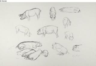 Fundmeldung Schweinestudien, Ex. 2/100 Hersteller/Künstler:in Gaul, August Objektart Druckgrafik Material / TechnikPapier (Velin) ; Kreide / gedruckt (Lithographie)Lost Art-ID319050
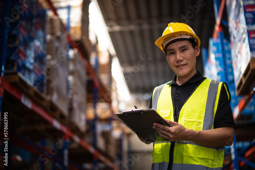 Asian male worker wearing Hard Hat with clipboard Checks Stock and Inventory in the Retail Warehouse.
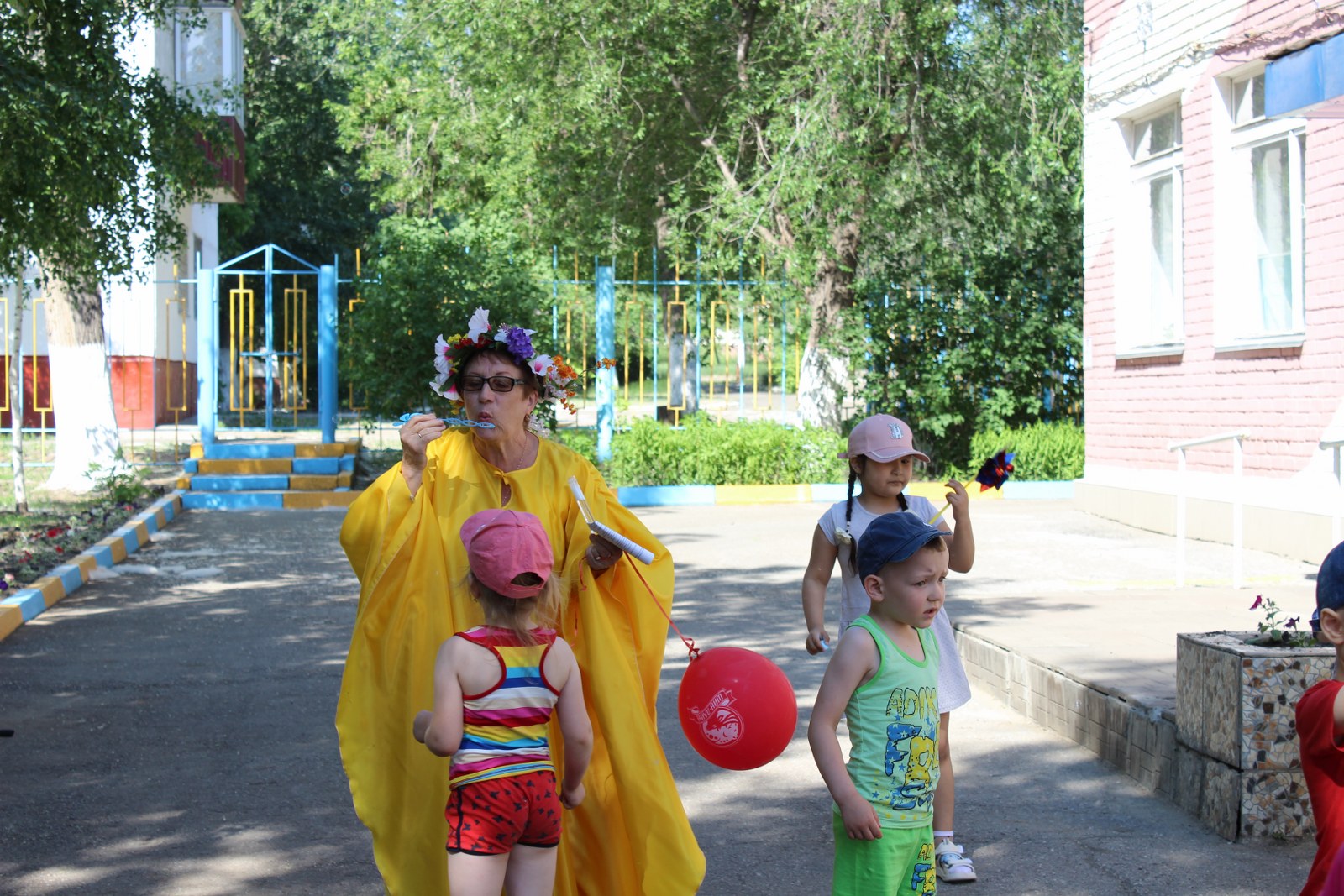 На прогулочных площадках было тоже весело. К детям пришли в гости веселый клоун, Баба-Яга, Лето. Которые с детьми пели детские песни, играли в весёлые игры и эстафеты и подарили детям хорошее настроение. Было приятно видеть радостные детские лица и слышать весёлый детский смех.
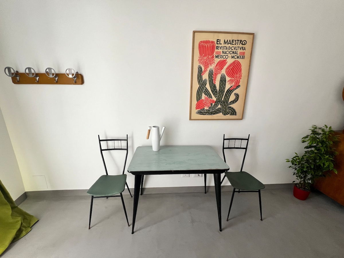 Located in the historic Pantanella Pasta Factory, this apartment is an eclectic and industrially designed open space, adorned with antique furniture, featuring a fully equipped kitchen, two double bedrooms, and a spacious bathroom with a double shower and sink. The terrace offers an escape from the hustle and bustle of the city and provides a relaxing oasis after a long day of sightseeing. Nearby: Basilica of San Giovanni, Scala Santa, the trendy Pigneto district, and the Termini train station.
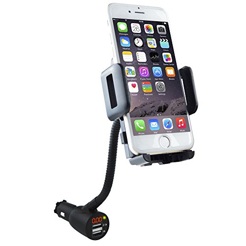 3-in-1 Cigarette Lighter Car Mount + Voltage Detector, SOAIY Car Mount Holder Cradle w/Dual USB 3.1A, Display Voltage Current Compatible with iPhoneXS XS Max XR X 8 7 6s 6 5s Samsung S8 S7 S6 S5
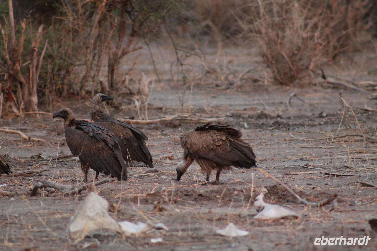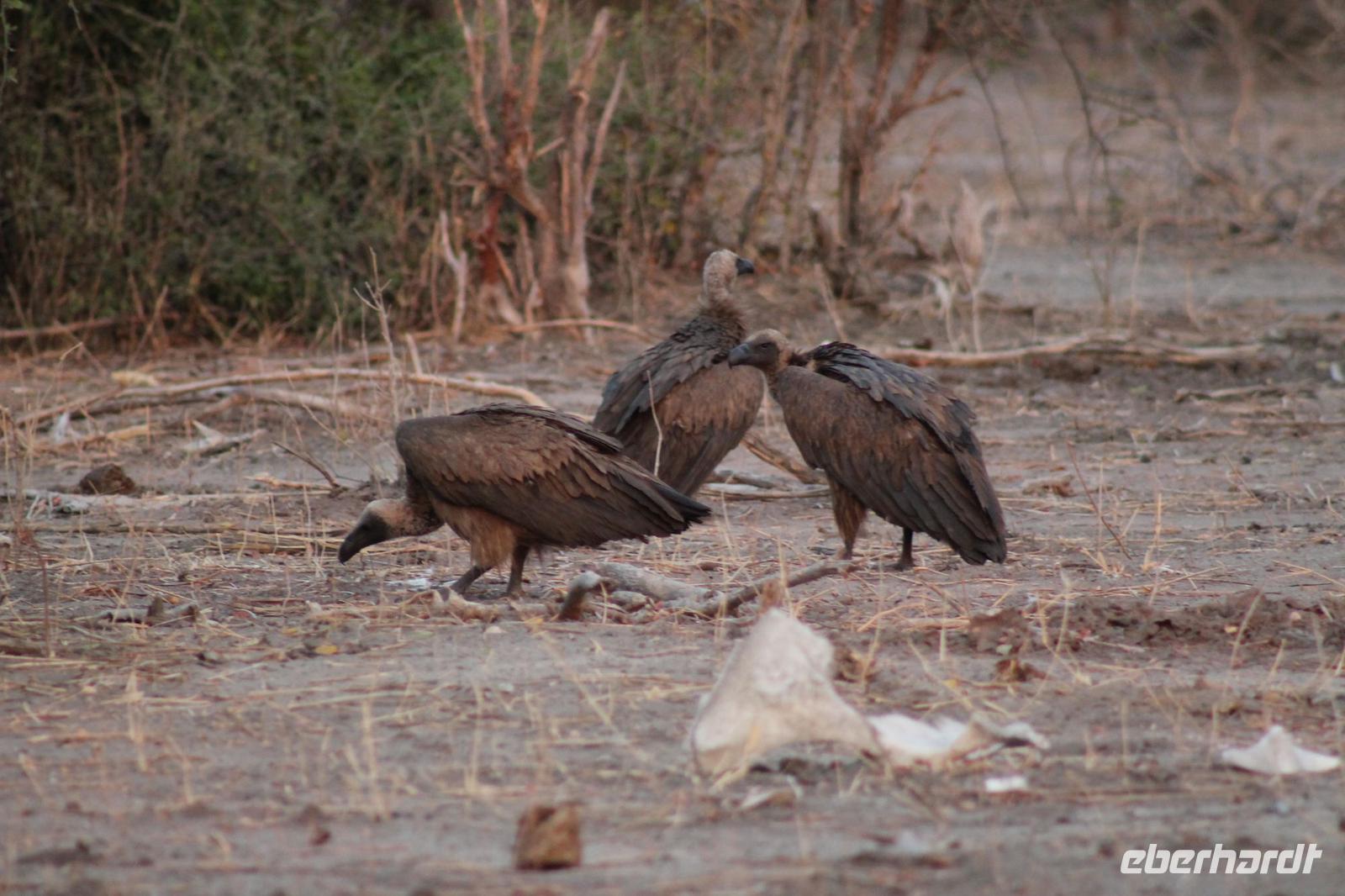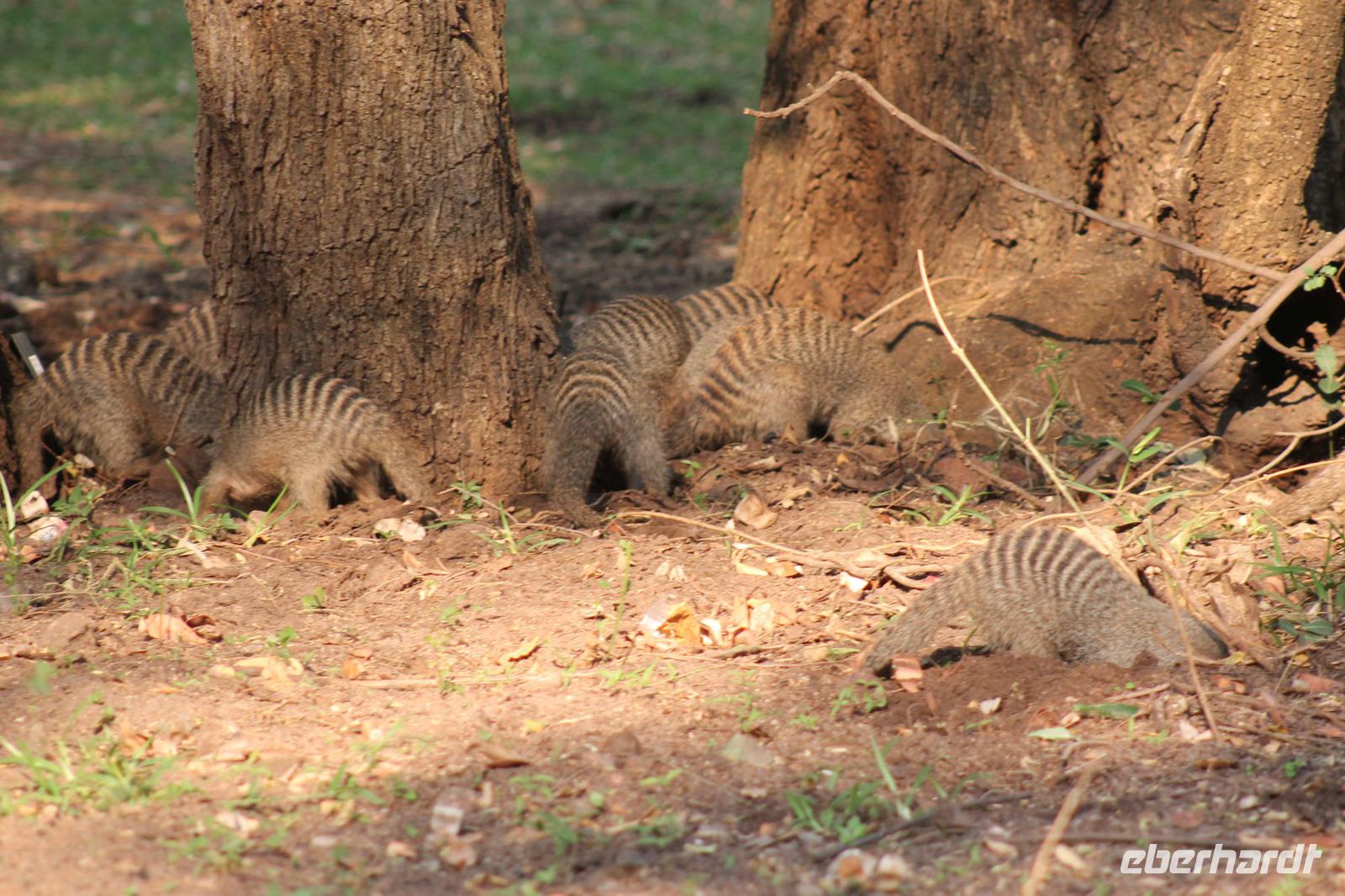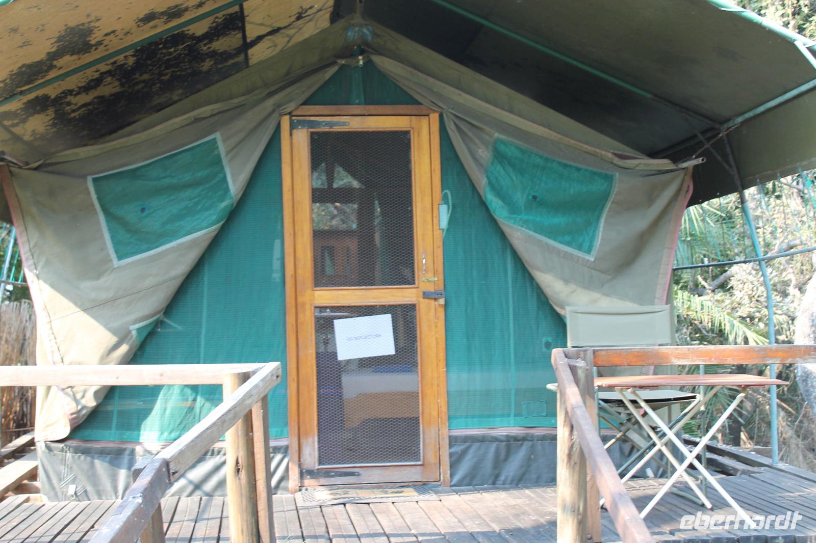 von den Vortagen macht den kulinarischen Genuss perfekt. Alles schnell wieder eingeräumt und dann geht es weiter in Richtung Botswana. An der Grenze angekommen zeigen wir alle unsere Reisepässe vor und erhalten einen Ausreisestempel für Südafrika. Schön war es da. Anschließend spazieren wir gemeinsam mit Tom über die Grenze und über den Limpopo Fluss und erreichen kurze Zeit später das Passbüro. Hier müssen wir unsere Einreisezettel ausfüllen und erhalten einen weiteren Stempel für die Einreise nach Botswana. Chris erwartet uns schon und wir halten noch schnell an einer Wechselstube um einige Euro oder Dollar in Pula zu tauschen und um uns am Bottle Store mit unseren Grundnahrungsmitteln Wein und Bier einzudecken. Von hier aus haben wir noch eine etwa zweistündige Fahrt vor uns die uns über eine Buckelpiste führt, bevor wir an unserer gemütlichen Oasis Zanzibar Lodge im „Tuli Block" ankommen. Unterwegs sehen wir afrikanische Hirsche und nicht ganz lebende Schlangen (Insider Witz). Hier angekommen werden wir herzlich vom Besitzer Jimmy und seiner Crew mit leckerem Orangensaft und einer Rasselbande von Hunden empfangen und beziehen unsere Zimmer. Nach einigen Anfangsschwierigkeiten ziehen wir nochmal um und genießen dann doch die wundervolle Anlage mitten am Limpopo Fluss. Wir erfahren, dass hier aller zwei Nächte eine Hippo Dame einkehrt um zu fressen und so verschließen wir alle gut unsere Türen, besonders Vicky J. Am Abend genießen wir ein geselliges Abendessen in lustiger Runde und freuen uns auf den nächsten Tage, auch wenn einige Reisegäste am rosa Kindertisch Platz

*-*-*

The answer is the lines of the material above, from the one containing "На прогулочных площадках" down to the one containing "3-in-1 Cigarette Lighter", given exactly and without images.

 На прогулочных площадках было тоже весело. К детям пришли в гости веселый клоун, Баба-Яга, Лето. Которые с детьми пели детские песни, играли в весёлые игры и эстафеты и подарили детям хорошее настроение. Было приятно видеть радостные детские лица и слышать весёлый детский смех.
 Located in the historic Pantanella Pasta Factory, this apartment is an eclectic and industrially designed open space, adorned with antique furniture, featuring a fully equipped kitchen, two double bedrooms, and a spacious bathroom with a double shower and sink. The terrace offers an escape from the hustle and bustle of the city and provides a relaxing oasis after a long day of sightseeing. Nearby: Basilica of San Giovanni, Scala Santa, the trendy Pigneto district, and the Termini train station.
 3-in-1 Cigarette Lighter Car Mount + Voltage Detector, SOAIY Car Mount Holder Cradle w/Dual USB 3.1A, Display Voltage Current Compatible with iPhoneXS XS Max XR X 8 7 6s 6 5s Samsung S8 S7 S6 S5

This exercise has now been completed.